Stored records
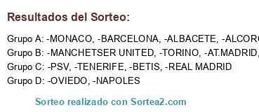 Lista de participantes: -BETIS, -NAPOLES, -AT.MADRID, -ALBACETE, -MONACO, -REAL MADRID, -MANCHETSER UNITED, -ALCORCON, -PSV, -ROMA, -BARCELONA, -TENERIFE, -TORINO, -OVIEDO.
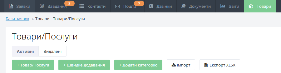 В результате, у менеджера появится в верхнем меню пункт "Товары":
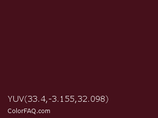 YUV 33.4,-3.155,32.098 Color is a very dark red color and the nearest color is Cab Sav #4d0a18. Hex code #46101b and RGB value is rgb(70,16,27). In RGB color space, this color is composed of 27% red, 6% green, 11% blue, In CMYK color space, this color is composed of 0% cyan, 77% magenta, 61% yellow , 73% black , In HSL color space, this color has a hue angle of 348° , 63% saturation and 17% lightness.
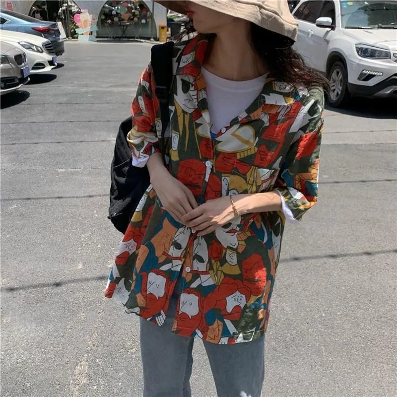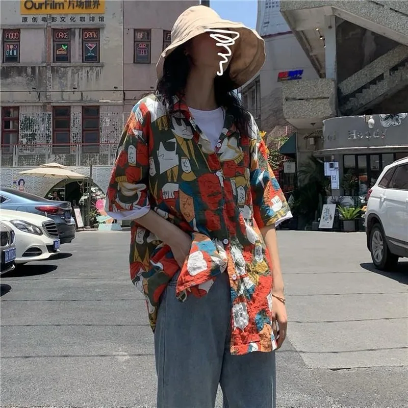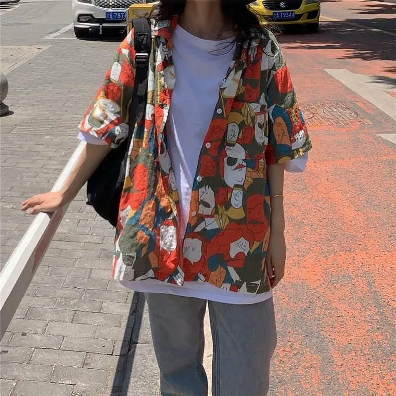 Женские винтажные рубашки с коротким рукавом в стиле хип-хоп, Корейская летняя уличная одежда 2020, повседневные блузки свободного кроя с забавным принтом, бойфренды, Новинка
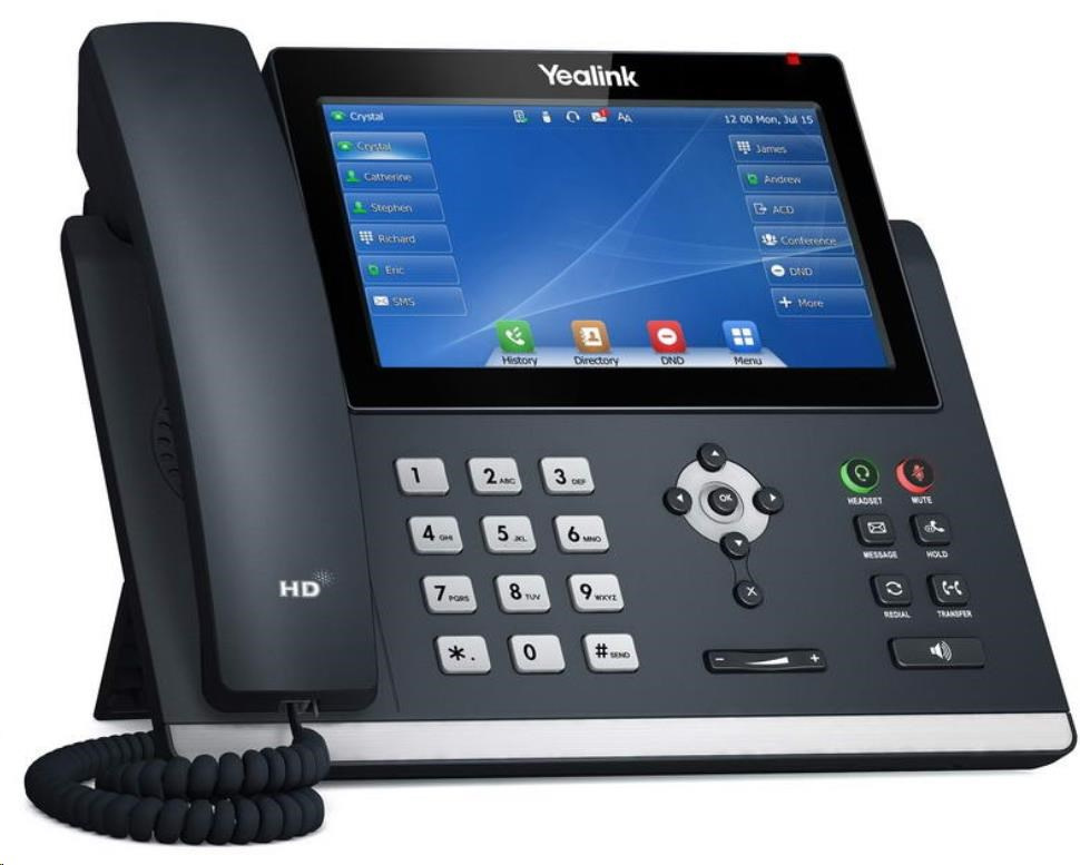Yealik T43U je vybavený 7" farebnou dotykovou obrazovkou s rozlíšením 800 x 480 pixelov. Atraktívny čistý dizajn s kovovou tyčou sa hodí do každej modernej kancelárie. Zariadenie Yealink SIP-T48U má 16 účtov SIP a dva porty 1 Gbs Ethernet s podporou PoE. Ponúka 29 programovateľných dotykových tlačidiel DSS, ktorým možno priradiť mnoho rôznych funkcií. Telefón má tiež farebnú indikáciu a farebne podsvietené tlačidlá (hlasitý odposluch, slúchadlo, stlmený mikrofón). Podporuje tiež až trojcestné skupinové konferencie a vďaka podpore EHS k nemu môžete ľahko pripojiť bezdrôtové náhlavné súpravy.
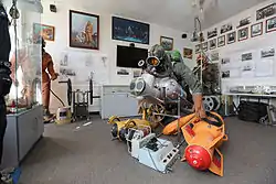 The exhibition occupies two rooms: the bigger one is devoted to the diving history, the smaller – to the Great Patriotic War, Leningrad Siege, and the Kronstadt military history. The museum houses a wide collection of diving equipment of different times, noteworthy, that all equipment is still operational. The collection comprises several diving helmets including the famous 3-bolt helmet (Russian “УВС-50М”) and 12-bolt coupled helmet. One of the most interesting and attractive exhibits of the 20th century are two surface and submerged diver delivery vessels Proton and Proteus used for sabotage, saboteurs’ weapon, suits of underwater swimmers. Besides, there is ventilated diving equipment, breathing sets of different types and purposes, dive knives, personal divers’ belongings, documents, recovered cannonballs etc. To the display items belong a torpedo firing panel and a diving immersion suit with a self-contained underwater breathing apparatus (Russian “ИДА-59”).
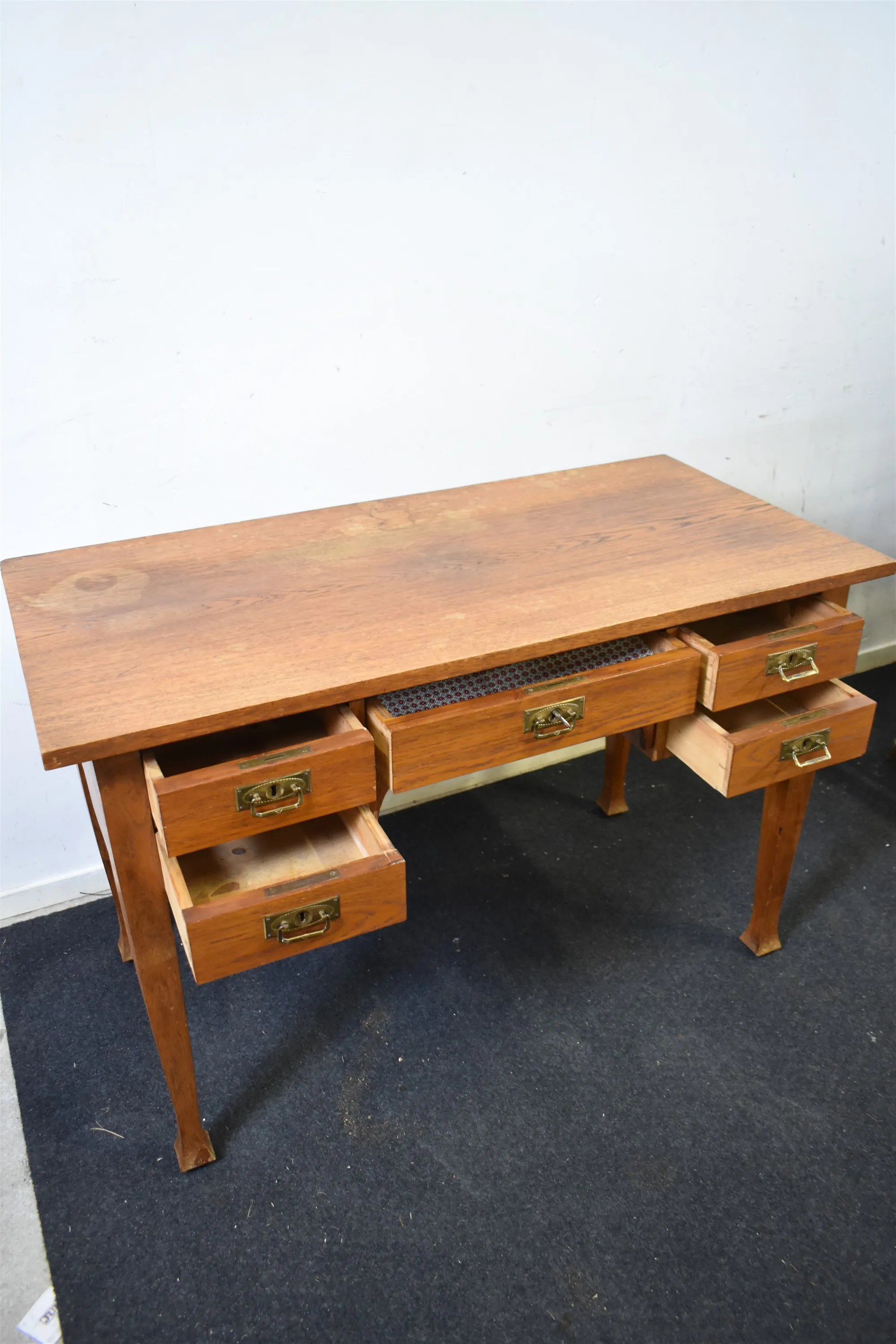 13618. Skrivbord ek, jugend, höjd 76 cm, mått 156 x 115 cm
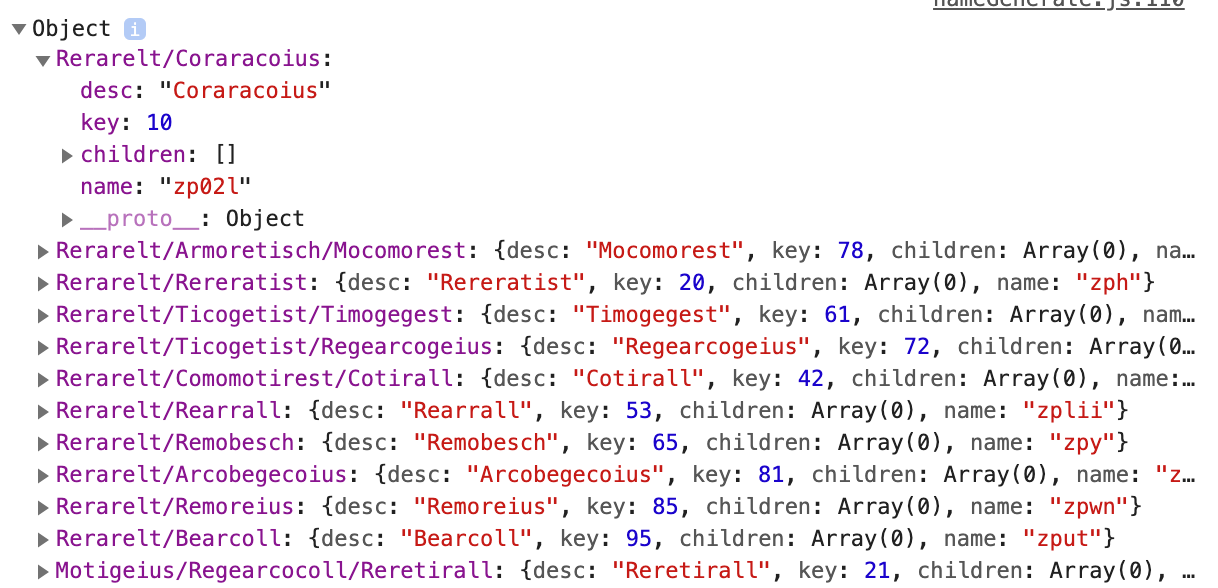 而处理这样的数据时,有的时候我们会有这样的需求,就是从根结点开始,去找到通向某个结点的路径。当然既然children是一个Array,那么我们用一个包含array index的array就可以表示一个树上从根结点到某个结点的路径了。然而这种方法可读性比较差,我们不可能靠记忆下标来进行查找。我们通常是通过字符串来表示路径的,比如文件路径和URL,通过一个分隔符“/”来表示层次关系。

THE PROBLEM:
Once the line containing "В результате, у" has been located, transcribe exactly and only every line from the first line of the entries through it, excluding pictures.

SOLUTION TO THE PROBLEM:
 Lista de participantes: -BETIS, -NAPOLES, -AT.MADRID, -ALBACETE, -MONACO, -REAL MADRID, -MANCHETSER UNITED, -ALCORCON, -PSV, -ROMA, -BARCELONA, -TENERIFE, -TORINO, -OVIEDO.
 В результате, у менеджера появится в верхнем меню пункт "Товары":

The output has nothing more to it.